Cell- and stimulus-dependent heterogeneity of synaptic vesicle endocytic recycling mechanisms revealed by studies of dynamin 1-null neurons

Abstract
Mice lacking expression of dynamin 1, a GTPase implicated in the fission reaction of synaptic vesicle endocytosis, fail to thrive and exhibit severe activity-dependent endocytic defects at their synapses. Here, we have used electron tomography to investigate the massive increase in clathrin-coated pit abundance that is selectively observed at a subset of synapses in dynamin 1 KO primary neuron cultures under conditions of spontaneous network activity. This increase, leading to branched tubular plasma membrane invaginations capped by clathrin-coated buds, occurs selectively at inhibitory synapses. A similar massive increase of clathrin-coated profiles (in this case, of clathrin-coated vesicles) is observed at inhibitory synapses of neurons that lack expression of synaptojanin 1, a phosphoinositide phosphatase involved in clathrin-coated vesicle uncoating.
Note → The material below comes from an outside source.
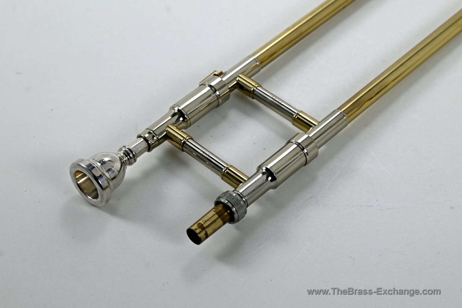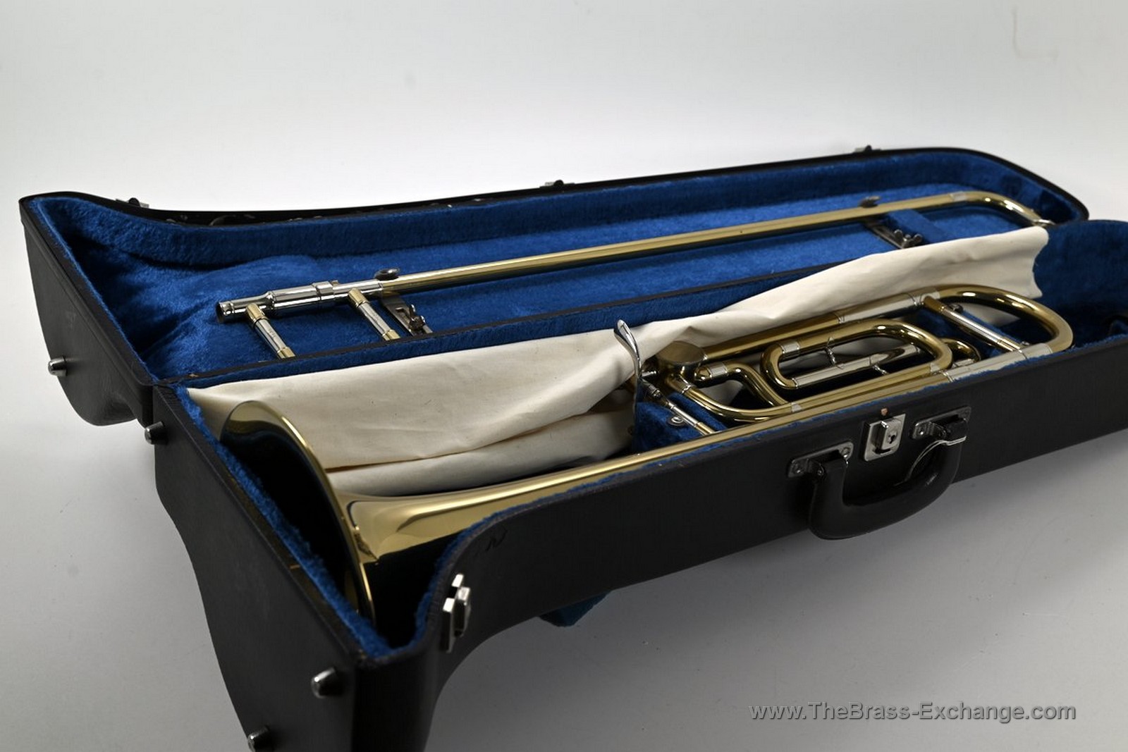 Condition is excellent throughout. The instrument has seen very little playing time and shows no prior damage or repair history. Our shop performed a complete inspection and play test: the slide action is smooth and fast, valve is quiet and airtight, and there are no service needs for appearance or playability.

Thus, although excitatory synapses are largely spared under these conditions, inhibitory synapses are uniquely sensitive to perturbation of endocytic proteins, probably as a result of their higher levels of tonic activity leading to a buildup of clathrin-coated intermediates in these synapses. In contrast, the predominant endocytic structures observed at the majority of dynamin 1 KO synapses after acute stimulation are endosome-like intermediates that originate by a dynamin 1-independent form of endocytosis. These findings reveal a striking heterogeneity in the mode of synaptic vesicle recycling in different synapses and functional states.